For all unlicensed individuals, marijuana possession in Arizona remains a felony offense. Under Arizona Revised Statute § 13-3405, possession of less than two pounds of cannabis is a class 6 felony, at least two pounds but less than four pounds is a class 5 felony, and four pounds or more is a class 4 felony.

 

Voters in Arizona may be able to legalize recreational on Election Day this coming November 8, however. Proposition 205 would legalize marijuana in the state and allow individuals 21 years of age or older to use cannabis products out of public sight.

 

Even if the initiative is voted into law, it still would not take effect until September 1, 2018. In the meantime, police officers throughout the state will still be able to use the plain smell doctrine as probable cause to search the motor vehicles of alleged offenders.

 

What to Do After a Marijuana Arrest

If you are stopped by police in Arizona and police claim to smell the scent of cannabis in your vehicle, it can be difficult to prevent a search of your automobile—even when you believe that an officer may be lying. Alleged offenders should do their best to remain calm and take the same steps to exercise their rights that they would in any encounter with law enforcement.

 

Remember that the right to remain silent under the Fifth Amendment to the United States Constitution means that you do not have to answer any questions. Also remember that the Fourth Amendment guarantees your right to be free from unreasonable searches and seizures.

 

If a police officer searches your vehicle despite your refusal to consent to any searches and finds marijuana in your car, you may still be able to challenge the legality of the search.
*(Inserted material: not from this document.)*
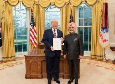 Washington, April 17 US President Donald J. Trump has congratulated Taranjit Singh Sandhu on his appointment as the Lieutenant Governor of Delhi, praising his diplomatic record and commitment to India–US ties.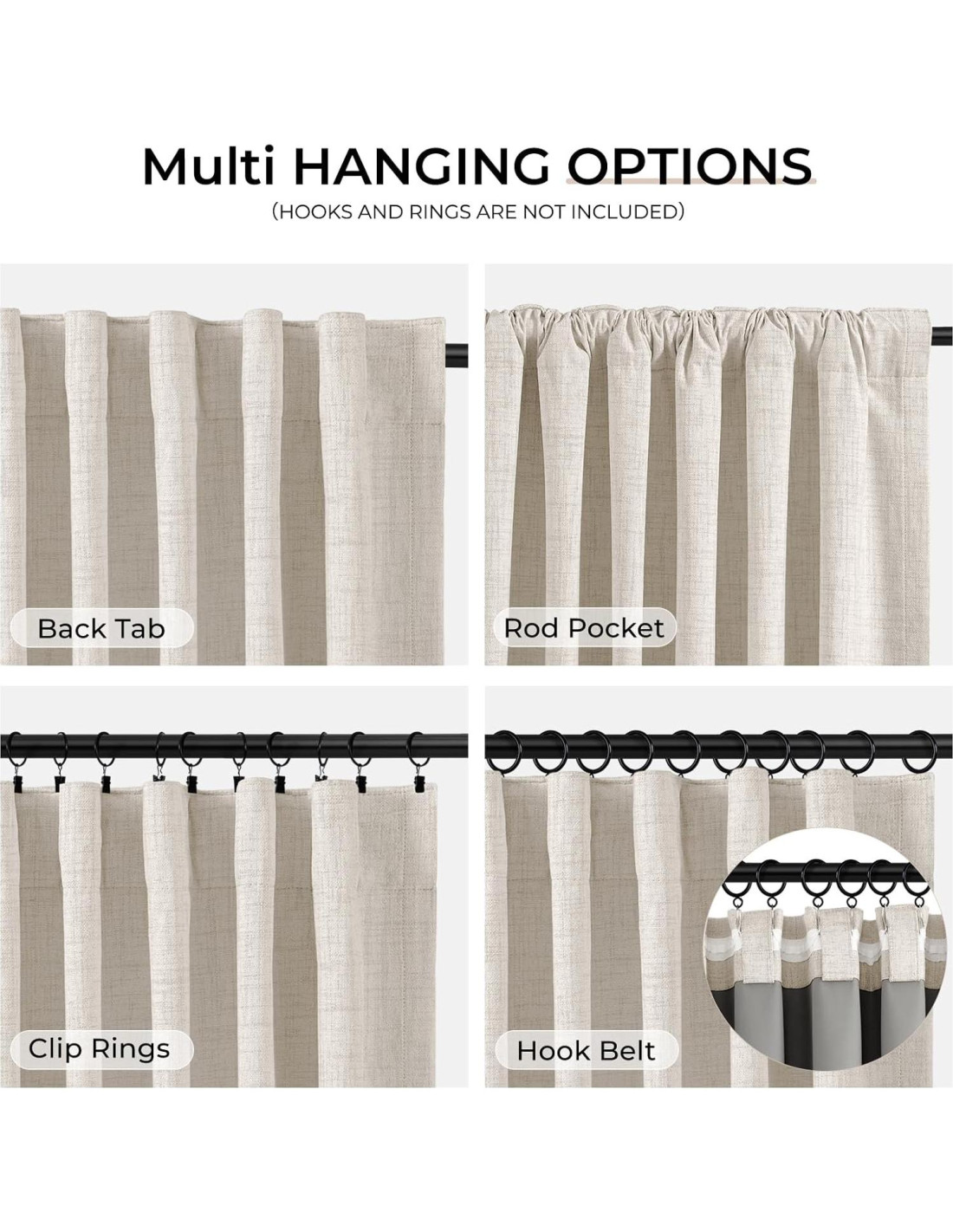 - Efecto 100% Opaco: Cortinas opacas 100%. Nuestras cortinas de lino opacas están hechas de un suave y texturizado tejido de lino, añadiendo un forro opaco del 100%, lo que hace que las cortinas sean suaves pero lo suficientemente gruesas como para mantener completamente fuera la luz solar, ofreciéndote una habitación realmente oscura. Perfecto para que los niños duerman más tiempo y para siestas durante el día; los trabajadores nocturnos podrán dormir bien incluso durante el día; los durmientes sensibles a la luz también pueden despertarse de forma natural y sentirse bien descansados.

When an officer claims that he or she smelled cannabis in your vehicle, it can be a very difficult assertion to disprove but courts may still consider the totality of the circumstances involved if you attempt to suppress the evidence in a criminal case.

 

The validity of the search is not the only legal defense in marijuana possession cases. An alleged offender may be able to claim that the cannabis belonged to someone else or that he or she was not aware the marijuana was in his or her vehicle.

 

First-time offenders accused of cannabis possession in Arizona may be eligible for deferred prosecution in which they are placed on probation. If the alleged offenders successfully complete the terms of their probation, the criminal charges are dropped.

 

Criminal Defense Attorney for Cannabis-Related Charges in Mesa, AZ

As felony offenses, marijuana possession convictions carry severe penalties with many long-term consequences. In addition possible prison time and fines, alleged offenders can face a lifetime of difficulty obtaining employment or housing because of their criminal records.

 

When a person has been arrested for allegedly possessing any amount of cannabis in Arizona, it is critical to immediately retain legal counsel for help attempting to get the criminal charges reduced or dismissed. The Law Office of James E. Novak helps clients achieve the most favorable outcomes to marijuana possession cases.

 

James Novak has experience handling these types of cases on both sides of the aisle as a former prosecutor in Maricopa County. He understands the most effective defenses that can be raised when alleged offenders have been accused of any marijuana-related offense.

 

The Law Office of James E. Novak defends people who have been charged with possession, sale, or cultivation of marijuana. James Novak represents clients throughout the greater Maricopa County area, including Phoenix, Gilbert, Mesa, Scottsdale, Tempe, Chandler, and many surrounding communities.

 

Call (480) 413-1499 or fill out an online contact form today to take advantage of a fee, confidential consultation that will let our criminal defense lawyer review your case and discuss your legal options.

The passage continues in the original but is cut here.